Discipline, on the other hand, is kindling you keep adding to the fire to keep it going. Discipline requires showing up even when you don’t want to. My favorite approach to being more disciplined is to create tiny habits that become non-negotiables. I’ve made it a goal for myself to get at least 40 minutes of exercise 4 times a week. In order to be disciplined, I have to ensure there is no room for excuses. Setting up the right environment helps with achieving your goals. For example, I load up my car with my gym bag every morning when I have to go to the office. All of my gym stuff that I need is in there, so I have no excuse. I also book my workout class that morning, and if I cancel I have to pay.
Find Your Why
If you don’t have a compelling reason why you want to do something, you won’t do it. I idealize morning people who get up at 5 am every day and have these elaborate morning routines.
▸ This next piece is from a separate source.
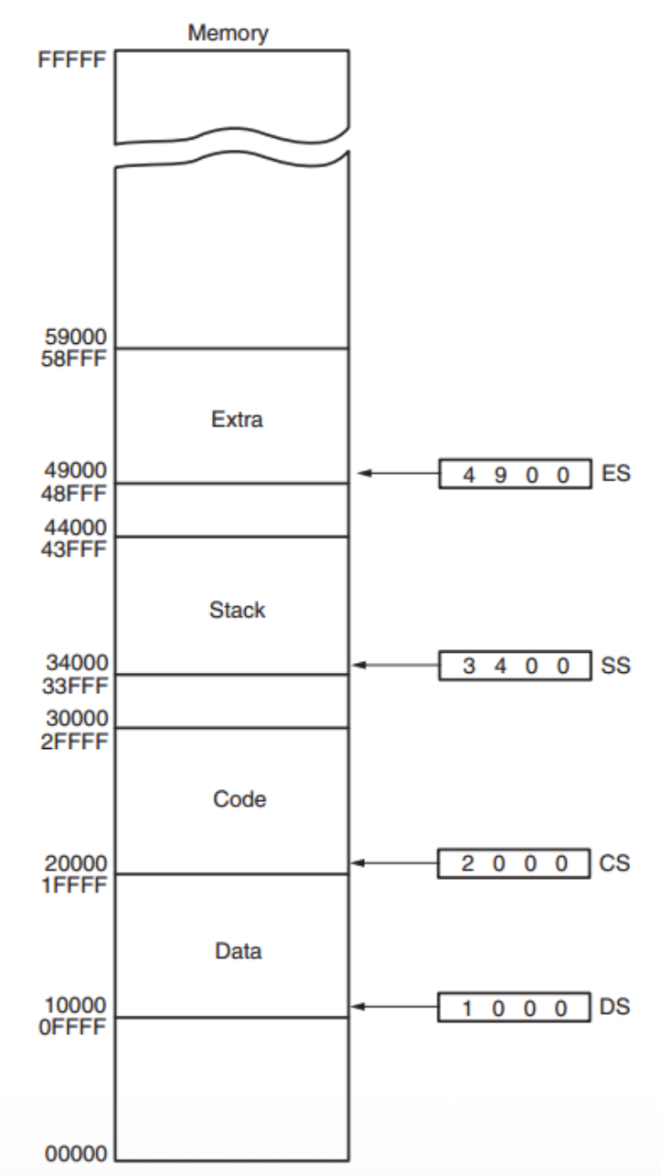 - ES(附加 (extra))是一个额外的数据段,某些指令用它来存放目标数据

I have tried to wake up that early and build a morning routine, but I honestly can’t find the “why” to actually make this a goal. I can do all the things I want to do in the evening, and honestly, I want more sleep in the mornings. On the other hand, exercising and losing weight is something I can find a million reasons I want to do this. Besides physical appearance, longevity and vitality are very motivational for me. When you have a clear purpose, it’s easier to stay motivated and disciplined.
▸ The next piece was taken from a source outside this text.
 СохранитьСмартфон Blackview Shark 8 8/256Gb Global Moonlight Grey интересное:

Set Small Goals and Create a Routine
Setting small goals has been a game changer. Instead of focusing on hitting all my macros and hitting the gym 5 days a week, I started with just meeting my protein goal as my daily non-negotiable and going to the gym 3 days a week. I am now regularly going 3-4 times a week. It’s becoming a routine. Breaking your larger goals into smaller, more manageable ones can make them feel less overwhelming and more achievable. This can help you build momentum and stay motivated.
Be Kind to Yourself
I am far from being this motivated and disciplined goddess. My daily struggles include fighting the urge to throw in the towel at the slightest inconvenience. I’m only getting better at 2 out of 3 of my goals. But one of the things I’m learning in this process is that negative self-talk can negate weeks of effort. I’m sure many of you struggle with the ‘all-or-nothing’ mentality, but I’ve found it really doesn’t help. If you fall off the wagon, get right back up and keep carrying on.